An admissions interview is an excellent opportunity for you to meet with a representative of a prospective school. You will be able to speak with him or her and to gauge whether your interests and values align with those of the college. These are the top 5 question to ask in an admissions interview. However, remember that your post-discussion follow-up is just as important as the admissions interview itself. Here are three things you must do after an admissions interview to leave a positive impression and to use the meeting to your advantage:
Write a thank you note
The first thing you must do after an admissions interview is write a thank you note to the person you met with. Thank the interviewer for his or her time and consideration, and emphasize your interest in the school. Including a sentence or two about a part of your conversation that you particularly enjoyed will personalize your note and help it stand out from others. If there is a talking point that you did not mention in person, consider including it briefly in your note. Email is acceptable, as is traditional mail. Ensure that you thank all involved parties (if there are multiple), and reword each note so your interviewers do not receive the same stock message. Finally, remember to send the note promptly – within 24 hours, if possible. A timely, thoughtful thank you will help you shine as a responsible and ideal candidate.

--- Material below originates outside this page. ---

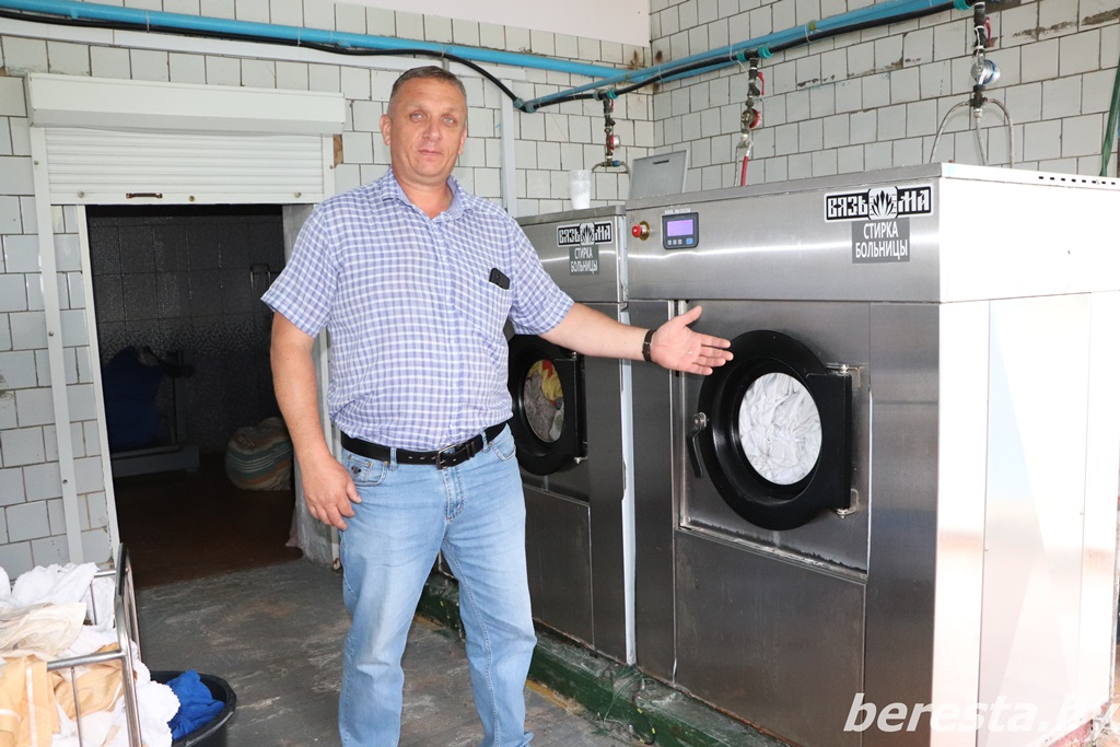 – Здесь стирается белье, поступающее из всех пограничных застав наших двух районов, школ и детских садов, центральной районной больницы, детского оздоровительного лагеря «Берестовицкий», – уточняет Александр Козловский. – В месяц в прачечной могут стирать до 5 тонн белья, раньше у нас в среднем 2-3 тонны в месяц выходило, а когда заключили договор с гостиничным комплексом «Жарковщина», расположенном в Национальном парке «Беловежская пуща», объемы заметно увеличились.

Here are some tips for writing a thank you note after an interview.
Reflect on your interview
While your interview experience is still fresh in your mind, take the time to reflect on what went well and what you would like to improve upon in the future. Consider creating a list of questions that allowed you to speak well about yourself, and a list of questions that stumped you. In doing so, you will then have a document of typical interview questions that may help you at a future meeting. You can also cross-check these questions with lists you find online. Write out the key points of your conversation, especially ones where you felt a connection to your interviewer. Beyond the actual content of your interview, gauge your nervousness and state of mind pre- and post-interview. Knowing how your body responds to an admissions interview will help you mentally prepare for similar situations, and it will allow you to develop conversational skills for professional settings. Keep these notes in a safe and accessible place so you can refer to them at a later date.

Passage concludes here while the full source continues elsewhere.